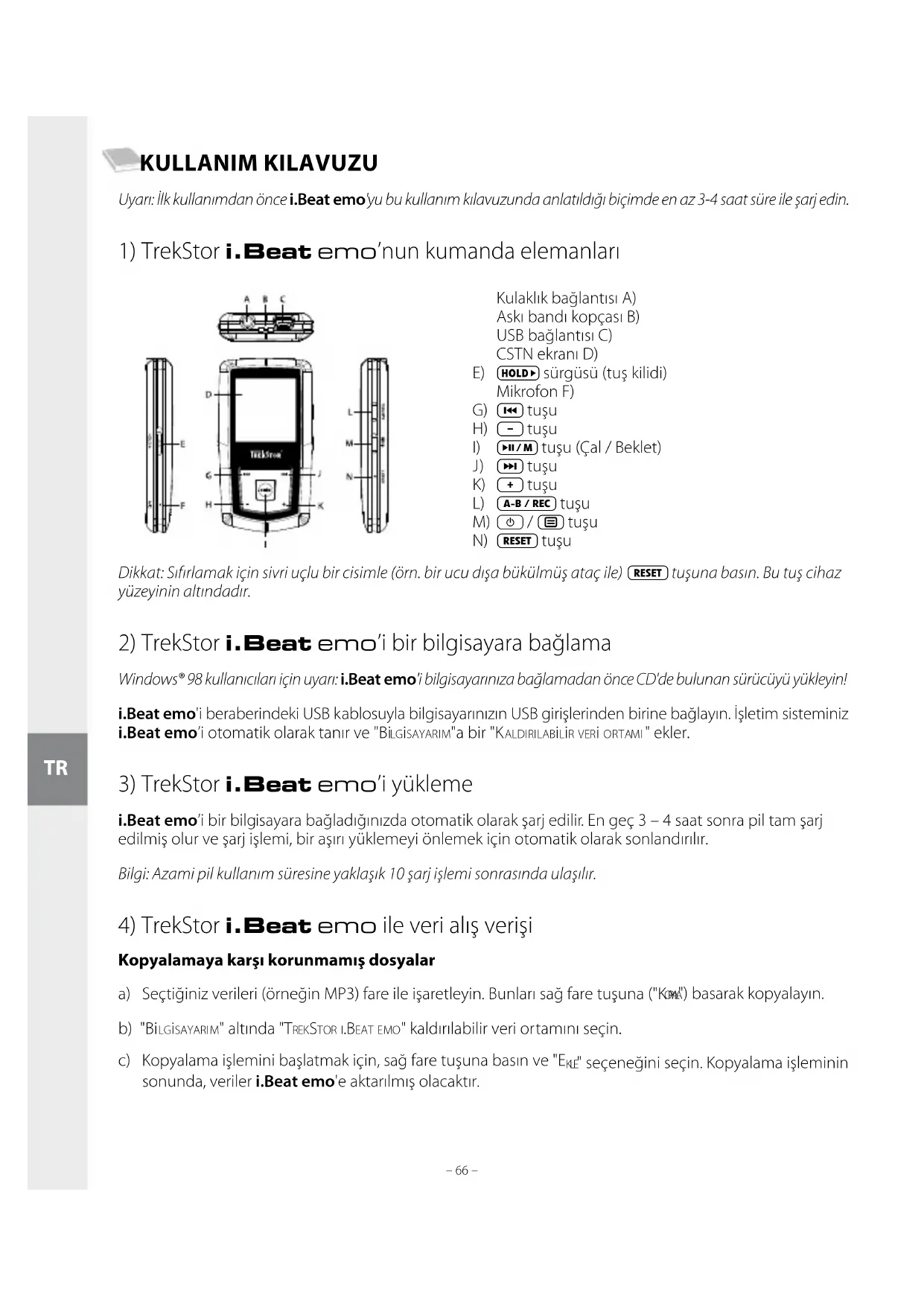 – 67 – KULLANIM KILAVUZU Uyarı: İlk kullanımdan önce i.Beat emo'yu bu kullanım kılavuzunda anlatıldığı biçimde en az 3-4 saat süre ile şarj edin.
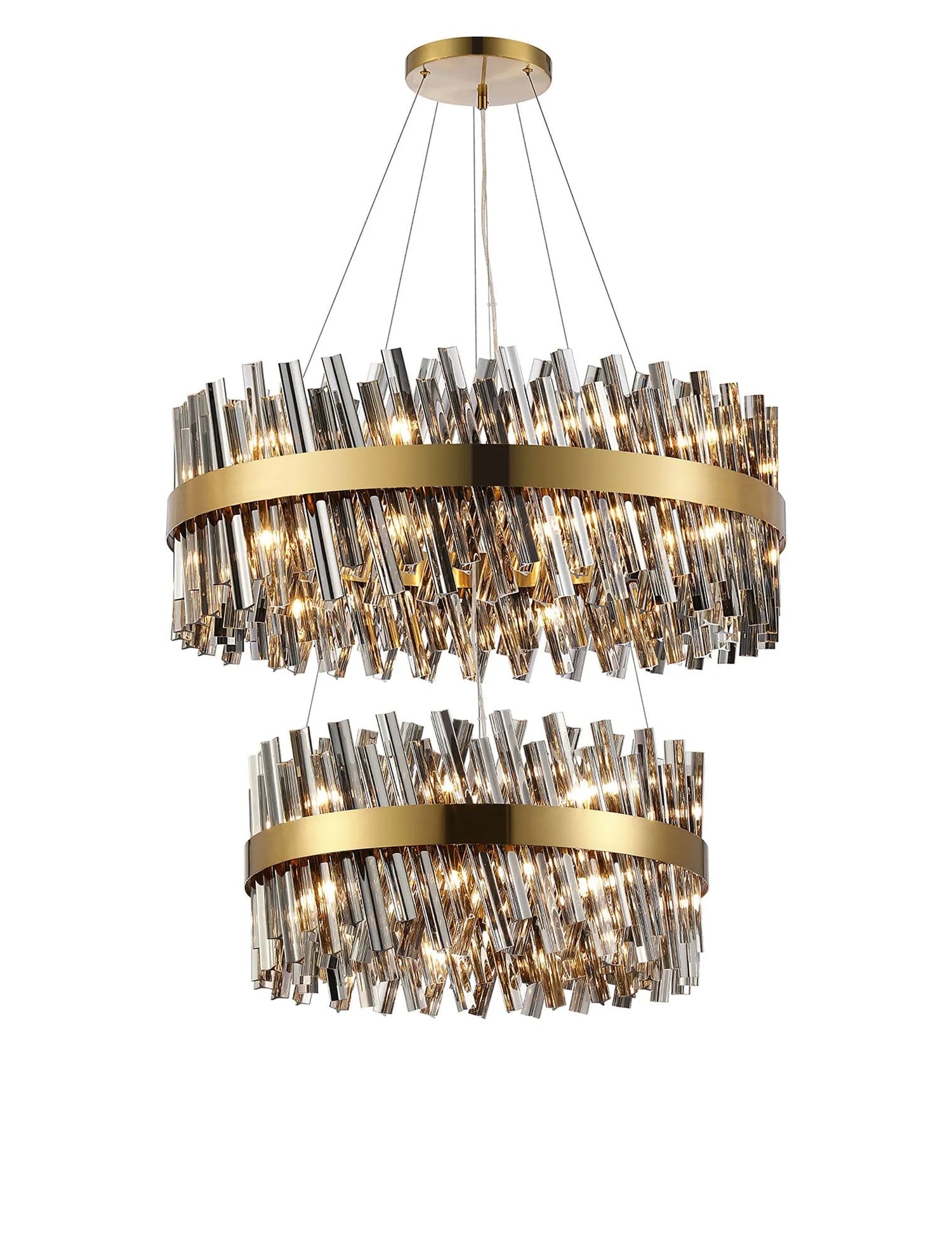 Melville 2 Tier 60cm + 80cm Pendant, 18 + 24 Light G9, Brass/Smoke
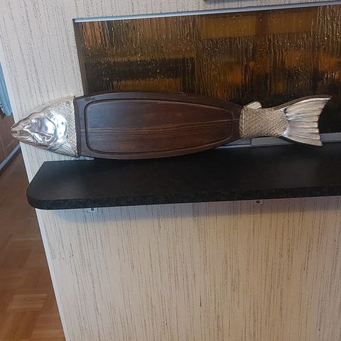 Puinen tarjoilulauta kalanmuotoisella kuvioinnilla

Directions >> Could you repeat all of the material exactly? Pictures should not be copied.

Exercise answer >>
 – 67 – KULLANIM KILAVUZU Uyarı: İlk kullanımdan önce i.Beat emo'yu bu kullanım kılavuzunda anlatıldığı biçimde en az 3-4 saat süre ile şarj edin.
 Melville 2 Tier 60cm + 80cm Pendant, 18 + 24 Light G9, Brass/Smoke
 Puinen tarjoilulauta kalanmuotoisella kuvioinnilla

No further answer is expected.